Gea rugió de frustración.

—¡No seáis cobardes! Es muy sencillo: cogéis esta hoja afilada y en punta, y cortáis a vuestro padre en pedacitos para que no vuelva a molestarnos. ¡El que lo haga gobernará el universo! Además, os prepararé esas galletas que os gustaban tanto, con fideos de colores por encima.

Veréis, en la época actual tenemos una palabra para denominar este tipo de comportamiento: era lo que ahora llamamos una psicópata.

Por aquel entonces, las reglas de comportamiento eran bastante más relajadas. Quizá tendréis una mejor opinión de vuestros parientes ahora que sabéis que la primera familia de la historia también fue la primera familia disfuncional de la historia.

Los titanes empezaron a murmurar y a señalarse los unos a los otros.

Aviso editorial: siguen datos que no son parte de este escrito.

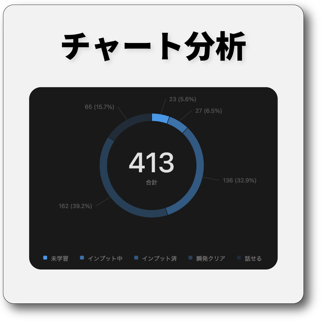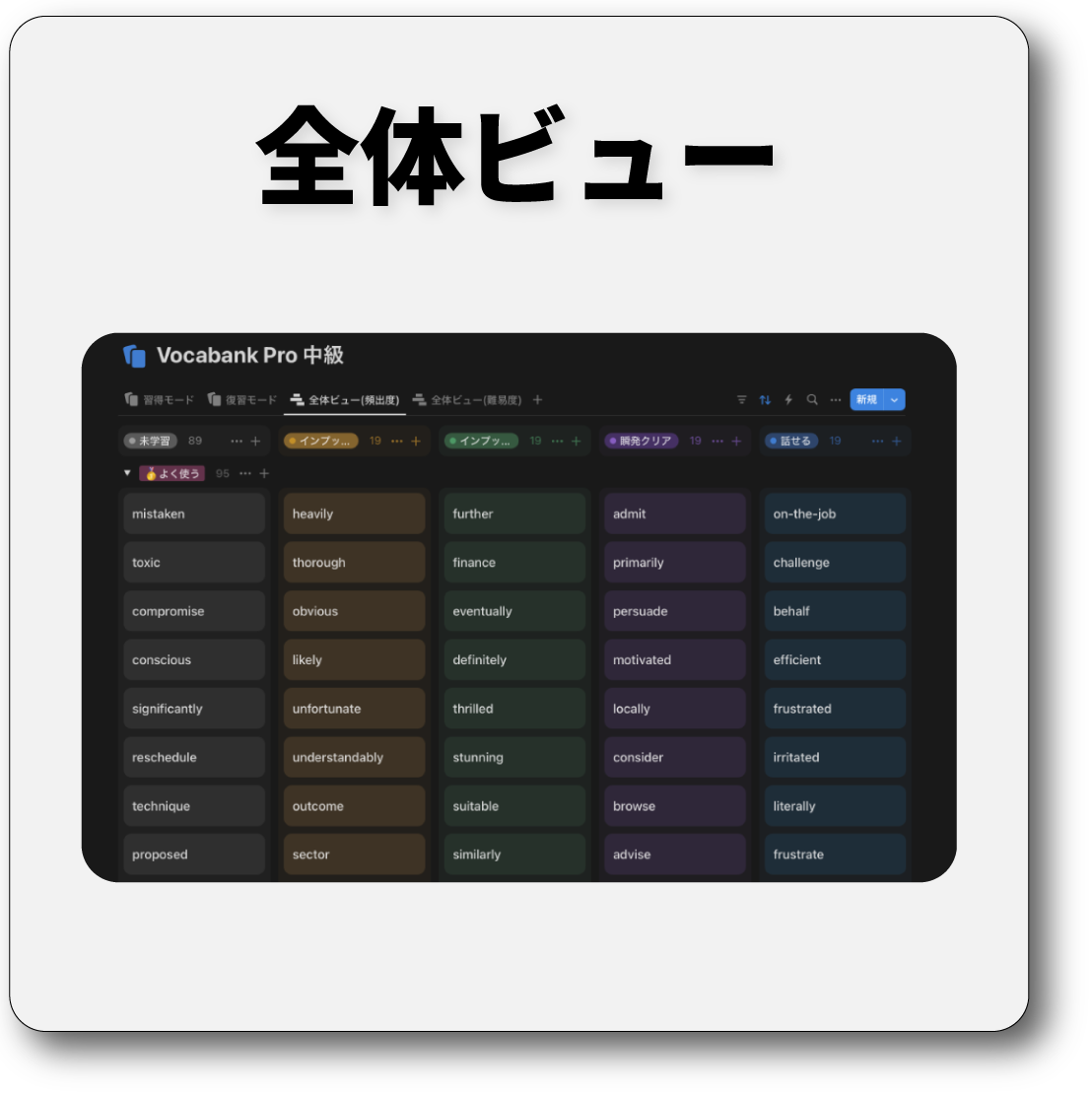 頻出度・習得度・難易度・次回復習日など、Vocabank Pro独自のデータを連動させた高度な数式ロジックにより、単語ごとの重要度を動的にスコア化(0〜100点)しています。詳しくはこちらをご覧ください。

—Oye, a ti se te daría genial matar a papá.

—Eeeh, no, qué va, creo que deberías hacerlo tú.

—Me encantaría matar a papá, pero es que tengo que hacer una cosilla que…

—¡Lo haré yo! —exclamó una voz desde el fondo.

El más joven de los doce se abrió paso a empujones. Cronos abultaba menos que sus hermanos y hermanas. No era ni el más listo ni el más fuerte ni el más rápido, pero sí el más ávido de poder. Supongo que cuando eres el más pequeño de doce críos siempre estás buscando el modo de destacar y llamar la atención. Al menor de los titanes le encantó la idea de adueñarse del mundo, sobre todo si de paso se convertía en el jefe de todos sus hermanos. La oferta de las galletas con fideos de colores también ayudaba.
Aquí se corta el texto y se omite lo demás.